Solved – What’s the effect of scaling a loss function in deep learning

deep learningloss-functionsoptimization

I train a network on a problem where the magnitudes of my loss function are quite small. I observed that the network didn't really train well until I started scaling up the loss function, for example multiplying with 1e5. My loss function is the quadratic cost.

My intuition is that this helped as bigger error magnitudes are propagated back through the network and it basically fights vanishing gradient in the earlier layers of the network. Removing the scaling and raising the learning rate did not help, it made the network diverge.

Any ideas why this helped? Or does this behavior indicate mistakes in my implementation?

Best Answer

Short answer:

It depends on the optimizer and the regularization term:

  • Without regularization, using SGD optimizer: scaling loss by $\alpha$ is equivalent to scaling SGD's learning rate by $\alpha$.

  • Without regularization, using Nadam: scaling loss by $\alpha$ has no effect.

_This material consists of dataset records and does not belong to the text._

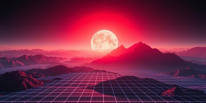 Futuristic digital landscape with glowing grid mountains and red sphere in sky, grid, landscape, mountains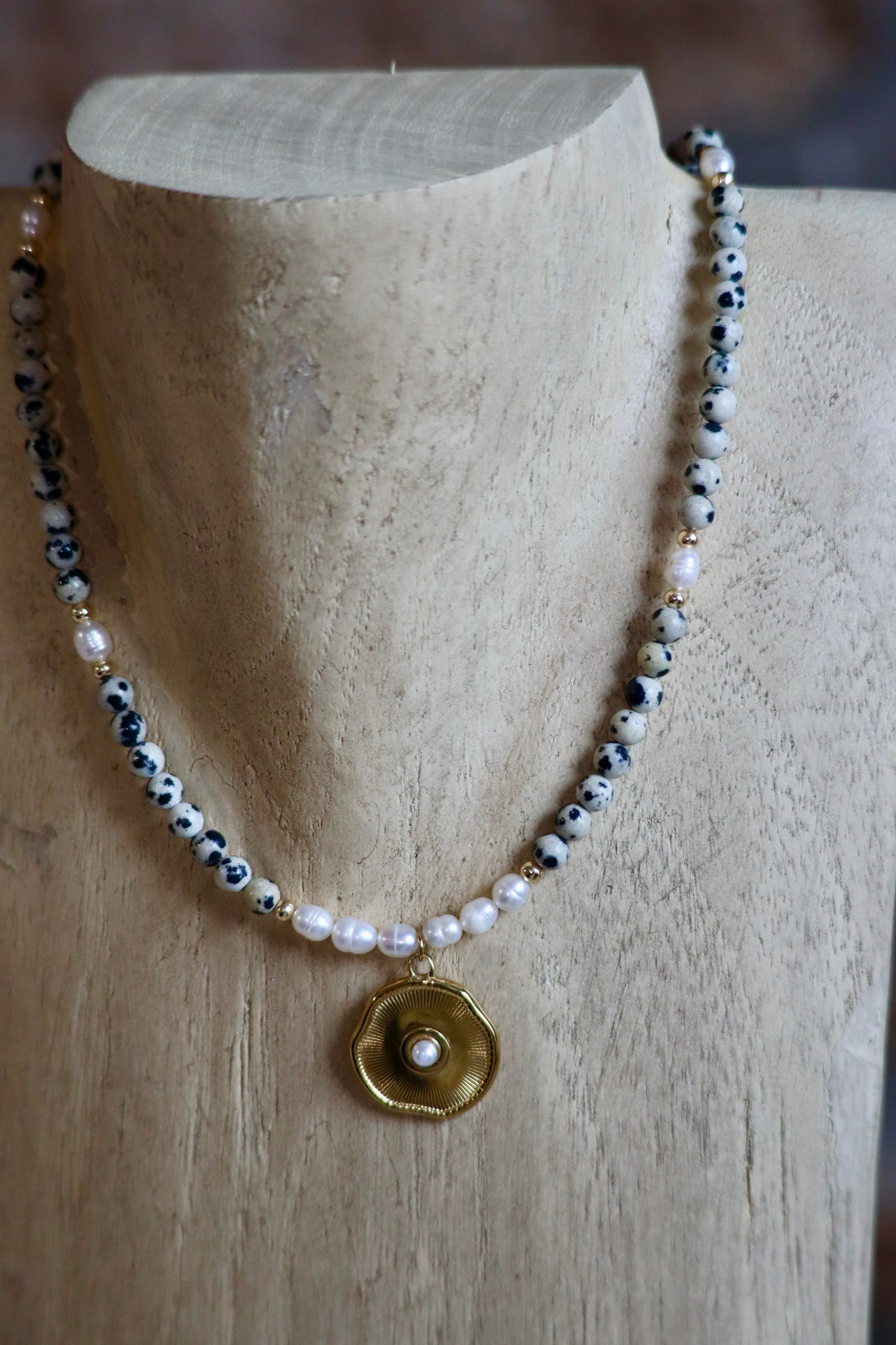 Découvrez le collier Dalma, un ras-de-cou en perles naturelles de jaspe dalmatien, accompagné de perles de culture d’eau douce et d’un pendentif en acier inoxydable avec bille de nacre. Chaque pièce est entièrement fabriquée à la main pour un rendu unique et raffiné.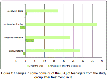 2. Three months after dental treatment there was an improvement in the quality of life as a whole as well as per all the domains of the CPQ, namely, in oral symptoms, functional limitations, emotional well-being and social well-being.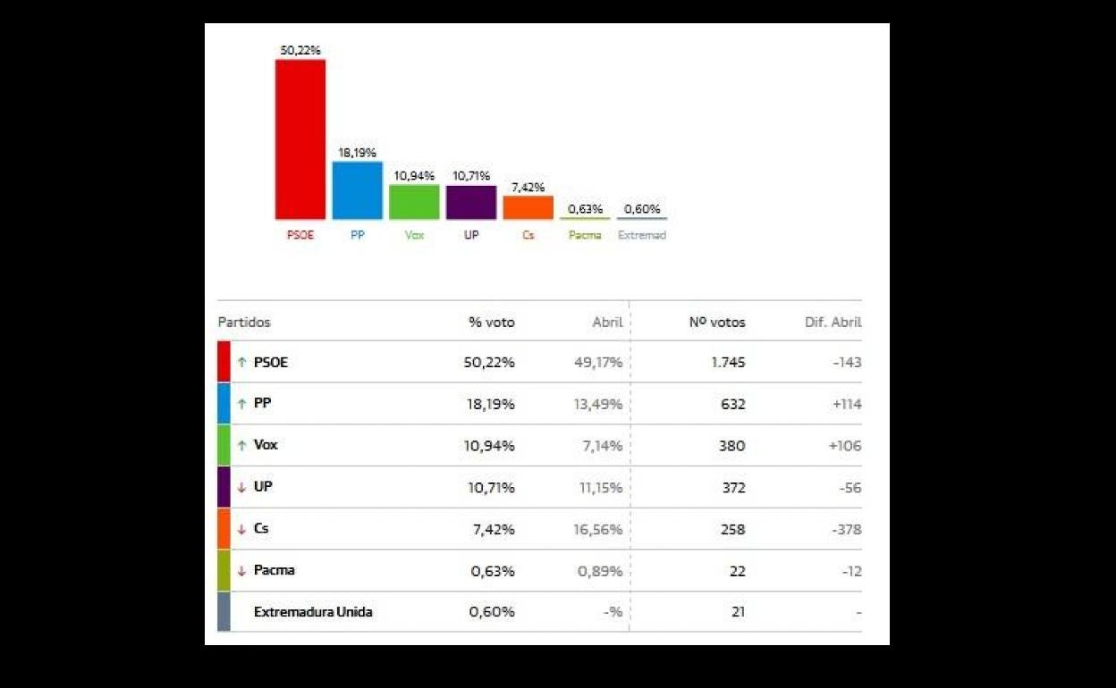Por su parte, descienden en número de votos Unidas Podemos y Ciudadanos, con 372 (10,71%) y 258 (7,42%) votos respectivamente, así como Pacma, que ha conseguido 22 votos. Aparece además Extremadura Unida, con 21 votos. Ciudadanos ha protagonizado un gran descenso también a nivel local, del 16,56% de abril al 7,42%. En el caso de UP el descenso ha sido del 11,15% al 10,71%.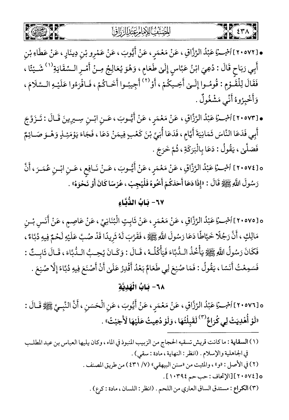 20572- أخبرنا عبد الرزاق، عَنْ مَعْمَرٍ، عَنْ أَيُّوبَ، عَنْ عَمْرِو بنِ دِينَارٍ، عَنْ عَطَاءِ بْنِ أَبِي رَبَاحٍ، قَالَ: دُعِيَ ابْنُ عَبَّاسٍ إِلَى طَعَامٍ، وَهُوَ يُعَالِجُ مِنْ أَمْرِ السِّقَايَةِ شَيْئًا، فَقَالَ لِلْقَوْمِ: قُومُوا إِلَى أَخِيكُمْ، أَوْ أَجِيبُوا أَخَاكُمْ، فَاقْرَؤُوا عَلَيْهِ السَّلاَمَ، وَأَخْبِرُوهُ أَنِّي مَشْغُولٌ.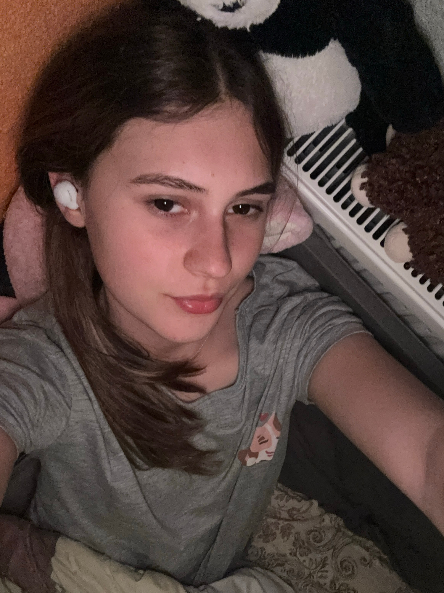 A young woman is captured in a close-up, upward-angle selfie, lying down in an indoor setting in Panagyurishte, Bulgaria. She has medium brown hair, dark eyes, and light skin, looking directly at the…read more

  • With regularization, using either SGD or Nadam optimizer: changing the scale of prediction loss will affect the trade-off between prediction loss and regularization.


Full answer:

  • No regularization + SGD: Assuming your total loss consists of a prediction loss (e.g. mean-squared error) and no regularization loss (such as L2 weight decay), then scaling the output value of the loss function by $\alpha$ would be equivalent to scaling the learning rate ($\eta$) by $\alpha$ when using SGD: $$L_{\text{new}} = \alpha L_{\text{old}}\\ \Rightarrow \nabla_{W_{t}}L_{\text{new}} = \alpha\nabla_{W_{t}}L_{\text{old}}\\ W_{t+1} = W_{t} - \eta \nabla_{W_{t}}L_{\text{new}}\\ = W_{t} - \eta \alpha\nabla_{W_{t}}L_{\text{old}}\\ = W_{t} - \eta'\nabla_{W_{t}}L_{\text{old}} \quad \text{where } \eta'=\eta\alpha$$
  • No regularization + Nadam: Using Nadam, assuming you do not have a regularization term, I do not believe there is going to be a difference in the training procedure if you just multiply the loss output by $\alpha$ all the way through training. In this case, in the update rule, $\hat{m_t}$ will be multiplied by $\alpha$ and $\hat{n_t}$ will be multiplied by $\alpha^2$, causing the scales to cancel each other out: $$ W_{t+1} = W_{t} - \frac{\eta} {\sqrt{\hat{n_t}+\epsilon}}\hat{m_t} $$
  • With regularization: This is most likely the case you are facing. If you have an explicit regularization term such as L2 weight decay in your loss, then scaling the output of your prediction loss changes the trade-off between your prediction loss and the regularization loss: $$L_\text{old} = \text{MSE} + \lambda*\text{weight_decay}\\ L_\text{new} = \alpha\text{MSE} + \lambda*\text{weight_decay}\\ = \alpha\left(\text{MSE} + \frac{\lambda}{\alpha}*\text{weight_decay}\right)$$
  • Using SGD, this would be equivalent to using $\alpha\eta$ as your new learning rate instead of $\eta$, and using $\frac{\lambda}{\alpha}$ as your new L2 regularization scale.
  • Using Nadam, the $\alpha$ scale in the back would have no effect, and in the end you just end up with $\frac{\lambda}{\alpha}$ as your new L2 regularization scale.